# certificat PE



## MAMIE ISA (15 Août 2022)

Bonjours ,j'éspere que vous allez bien?!?!
La mairie de ma commune me demande un certificat des parents pour pouvoir inscrire mon fils a la cantine ; avez  vous deja eu le cas? avez vous vous e=un exemple?
merci et bonne fin de journée


----------



## Tata50 (16 Août 2022)

Bonjour, 
Jamais eu le cas mais votre mairie réserve peut être les places à la cantine aux enfants des parents qui travaillent.
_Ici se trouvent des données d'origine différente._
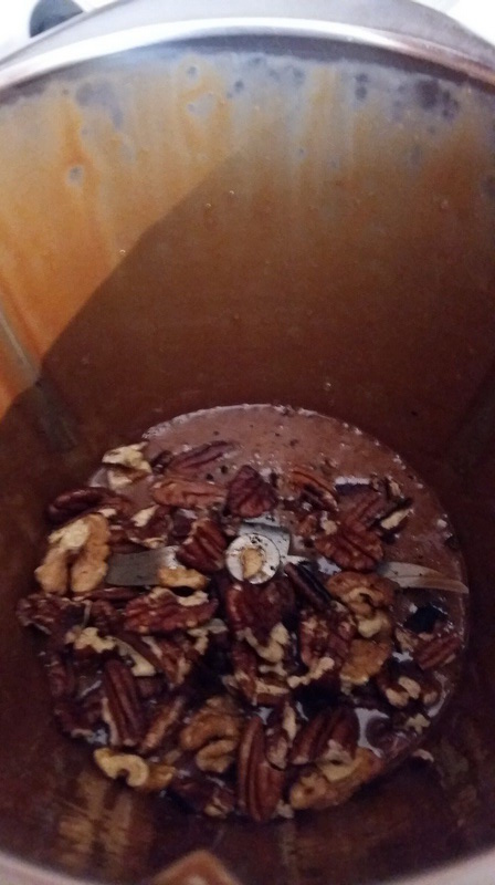 - Ajouter les noix dans le chocolat fondu et mixer 15sec/vit3.

D où la demande de certificat. 
Il suffit d un écrit style :
Je soussigné mme mr ..... Certifie employer mme....... aux horaires suivants. 
Voila ce que moi je donnerai. 
Bonne journée


----------



## Lea64 (21 Août 2022)

Je n ai jamais eu le casais ouu certainement que les enfants de parents travaillant sont prioritaire a la cantine si il y a trop d enfant c est vite fait . Perso je leurs fait faire un certificat comme quoi je travail et n ai pas droit a jours d enfant malade rénuméré pour que mon conjoint puisse prendre les siens . En general je le fait faire qu as un de mes employeurs le plus gros contrat et c est suffisant


----------



## MAMIE ISA (21 Août 2022)

merci Lea64


----------